The internet is making it hard for brick-and-mortar stores to compete. South Dakota, which does not have an income tax and relies on sales taxes for roughly 60% of its revenue, adopted a new law in 2016 requiring out-of-state sellers to collect and remit sales taxes as if they have a physical presence in the state. The new law applies only to sellers with more than $100,000 in annual sales in the state or more than 200 separate transactions.
The state then sued three out-of-state retailers in an effort to get a decision on whether the new law is constitutional.
The case reached the US Supreme Court as South Dakota v. Wayfair.
States are not allowed under the US constitution to erect barriers to interstate commerce. The US Supreme Court held in a case called National Bellas Hess in 1967 that a mail-order company could not be required to collect sales taxes for Illinois where it had no physical presence. It reached the same conclusion in another case in 1992 involving a mail-order business making sales in North Dakota in a case called Quill Corp.
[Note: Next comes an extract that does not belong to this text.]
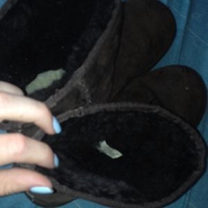 Short brown uggs, size 8 100% authentic. Right boot has a small hole from a stick. Other than that GREAT condition

In between the two decisions, the court offered a set of guidelines in another case called Complete Auto Transit for when states may tax interstate commerce. Interstate commerce can be required to bear its fair share of taxes, but the taxes must be tied to an activity with a substantial nexus with the state, they must be fairly apportioned and they cannot discriminate against interstate commerce. They should also be fairly related to the services the state provides.
Justice Anthony Kennedy, who is stepping down, wrote the majority decision. Kennedy said the requirement for a physical presence in the state before a company can be required to collect sales taxes “becomes further removed from economic reality” with each passing year. Forty one states, the District of Columbia and two US territories asked the court to drop the physical presence requirement. Kennedy said sparing internet sellers and mail order houses from having to collect taxes lets them undercut local businesses on prices.
The decision was 5-4.
Chief Justice John Roberts wrote a dissent joined by three liberal justices: Breyer, Sotomayor and Kagan. Roberts said that any change in whether e-commerce must collect sales tax should be made by Congress since there is the “potential to disrupt a critical segment of the US economy.” Roberts said the burden to collect sales taxes is significant. More than 10,000 state and local jurisdictions impose sales taxes, each with “different tax rates, different rules governing tax-exempt goods and services, different product category definitions, and different standards for determining whether an out-of-state seller has a substantial presence,” Roberts said, quoting from a 2017 Government Accountability Office report to Congress. Software to facilitate compliance is in its infancy.
Congress has been unable to reach consensus on the issues. Four Democratic Senators from Montana, Oregon and New Hampshire, which do not have sales taxes, introduced a bill in the Senate on June 28 to reinstate the physical presence test. Several other bills have been pending in the current Congress. New Hampshire Governor Chris Sununu, a Republican, vowed to protect New Hampshire-based companies from having to collect sales taxes for other states.
New Jersey promptly passed a remote sellers bill with the same standards as South Dakota. A number of other states had passed similar bills before the Supreme Court decision with plans to put them into effect after a positive decision. Lawsuits involving online sales taxes in five states are still pending in the courts.
A similar concept to physical presence comes up in a cross-border context. It is called a “permanent establishment.” More than 3,000 tax treaties bar countries from taxing remote investors or sellers who lack a permanent establishment in the country. A draft European Union directive would treat digital service providers as having a “virtual” permanent establishment if sales proceeds exceed €7 million in a tax period. The US has opposed any change in this direction because of the effect on large US internet companies.